🤖 AI Summary
To address the challenge of fine-grained backdoor triggers in data poisoning attacks—whose removal is difficult and often compromises semantic fidelity—this paper proposes a defense method based on a vector-quantized bottleneck. Specifically, it jointly models a Vector-Quantized Variational Autoencoder (VQ-VAE) with a GAN discriminator to perform semantics-preserving quantization-based purification of poisoned images. This approach disrupts trigger patterns while enforcing output adherence to the natural image distribution. Evaluated on CIFAR-10, the method achieves a zero percent poisoning success rate (PSR), maintains clean-accuracy between 91% and 95%, and accelerates inference by over 50× compared to diffusion-based defenses. The framework thus simultaneously delivers strong robustness against backdoor attacks, high-fidelity reconstruction, and superior computational efficiency.
📝 Abstract
We introduce PureVQ-GAN, a defense against data poisoning that forces backdoor triggers through a discrete bottleneck using Vector-Quantized VAE with GAN discriminator. By quantizing poisoned images through a learned codebook, PureVQ-GAN destroys fine-grained trigger patterns while preserving semantic content.

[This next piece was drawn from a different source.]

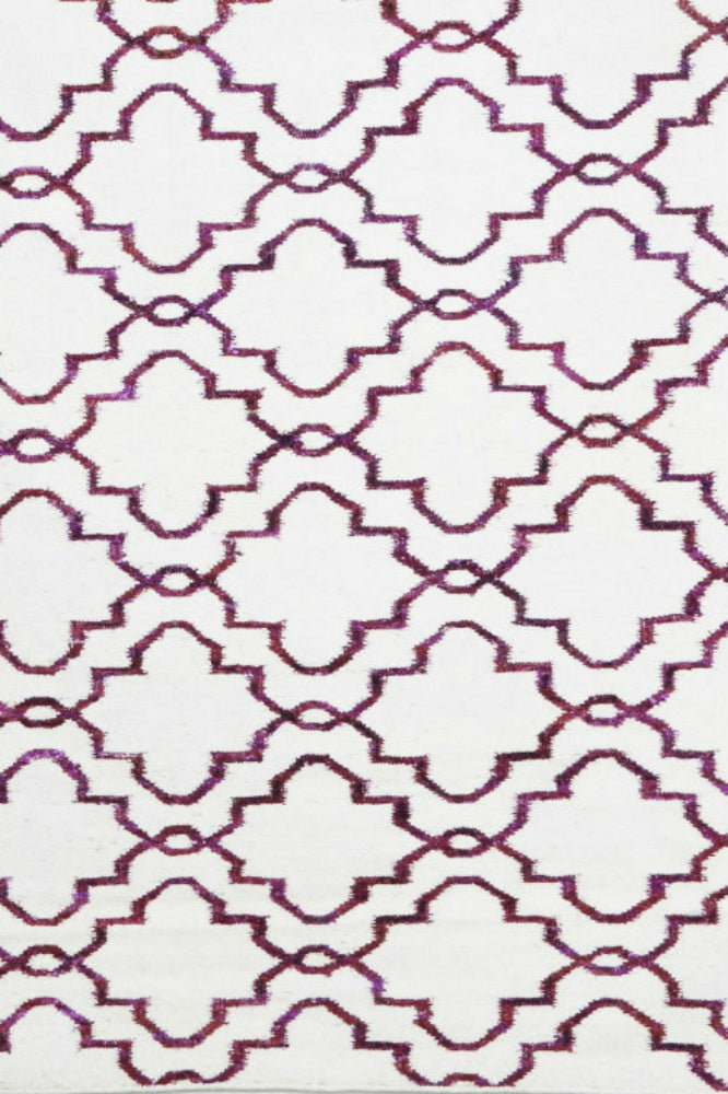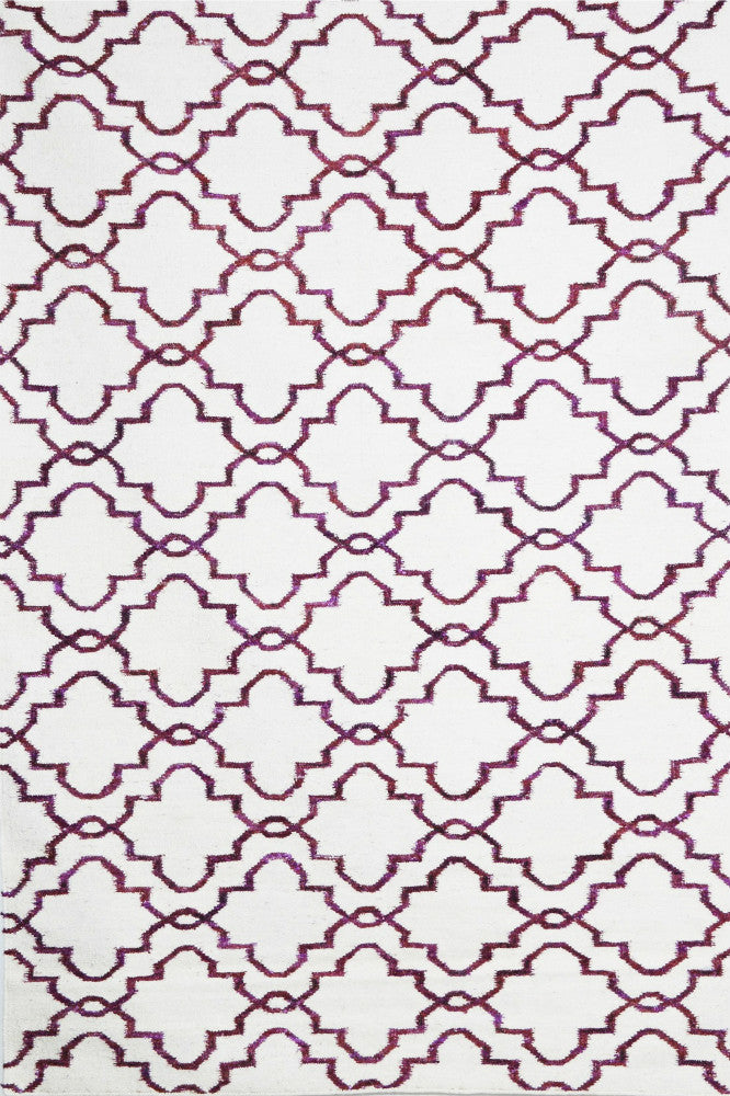 IVORY PURPLE MOROCCAN HAND WOVEN DHURRIE

A GAN discriminator ensures outputs match the natural image distribution, preventing reconstruction of out-of-distribution perturbations. On CIFAR-10, PureVQ-GAN achieves 0% poison success rate (PSR) against Gradient Matching and Bullseye Polytope attacks, and 1.64% against Narcissus while maintaining 91-95% clean accuracy. Unlike diffusion-based defenses requiring hundreds of iterative refinement steps, PureVQ-GAN is over 50x faster, making it practical for real training pipelines.